9. The surreal thing: Return To Y’Hup: The World Of Ivor Cutler

(January 29, 7.30pm, Glasgow Royal Concert Hall)

Tickets from £24.20 including booking fee

The bucolic island paradise of Y’Hup was the true home of the late, great musical philosopher Ivor Cutler – or so the Govan-born maverick often insisted. His 1959 debut album, Ivor Cutler Of Y’Hup, joyfully referenced the flora, fauna and “critters” of this fantastical kingdom, which has been summoned back into being by musicians Raymond MacDonald, Matt Brennan, Malcolm Benzie and Andy Monaghan in new album, Return To Y’Hup. It’s launched tonight at this unique Celtic Connections show, presenting new arrangements of Cutler’s music and guest performers including Stuart Braithwaite, Kris Drever, Stuart Murdoch, Emma Pollock, Karine Polwart and James Yorkston.

10.A classical act: Sky & Lammermuir featuring Tessa Lark, Phamie Gow and the RSNO

(January 30, 7.30pm, Glasgow Royal Concert Hall)

Tickets form £24.20 including booking fee (seated)

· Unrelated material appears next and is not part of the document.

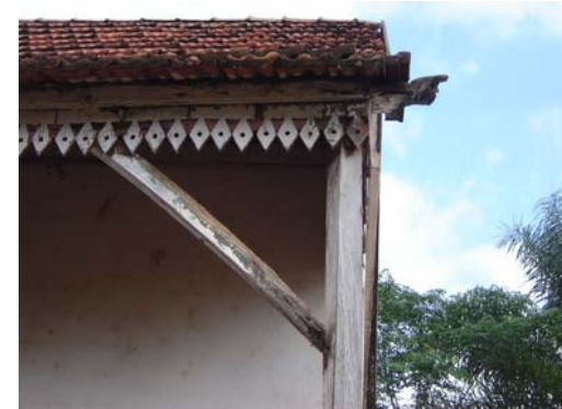
Casa Guido Grins

O elemento mais importante do Patrimônio Arquitetônico do município é o conjunto urbano de Vila Dona Otilia, com características da arquitetura alemã com elementos do Ecletismo. Encontram-se várias edificações ao longo de sua via principal, em geral em bom estado de conservação.

Classical music buffs are in for a treat as Grammy-nominated Kentucky-born violinist Tessa Lark performs the European premiere of Sky, the concerto specially written for her by US composer Michael Torke. Scottish harpist and composer Phamie Gow shares the bill with a 20th anniversary performance of Lammermuir: the hauntingly evocative piece she wrote as a Celtic Connections New Voices commission back in 2000. A glorious evening, orchestrated by the Royal Scottish National Orchestra.

11.Let’s get musical: Come And Try Workshops

(Various dates, venues and prices)

If you long to enjoy Celtic Connections from the stage rather than the stalls, the festival offers plenty of chances to learn traditional instruments – including fiddle, whistle, bodhran drum, clarsach and ukulele – or sample musical traditions such as beatbox and samba. There are children and adults’ “come and try” sessions for complete beginners and masterclasses for advanced musicians, as well as singing and songwriting workshops. https://www.celticconnections.com/workshops

12.Simon Thacker’s Svara-Kanti with Afsana-Khan, Jackie Shave & Sukhvinder Singh “Pinky”, with Nad-haara

(February 1, 7.30pm, Oran Mor)

Tickets, £22 including booking fee (seated)

Enjoy a cross-cultural celebration courtesy of Simon Thacker’s Svara-Kanti: the Scottish-born guitarist, composer and all-round musical polymath’s Indo-Western group, which combines the classical, folk and spiritual traditions of the Indian sub-continent. He’s joined by top Bollywood star, Afsana Khan, Grammy-winning tabla-master Sukvinder Singh “Pinky” and violinist Jackie Shave – leader of the Britten Sinfonia. Fusion music from brand new Scottish/Indian project Nad-Haara Bran completes the show.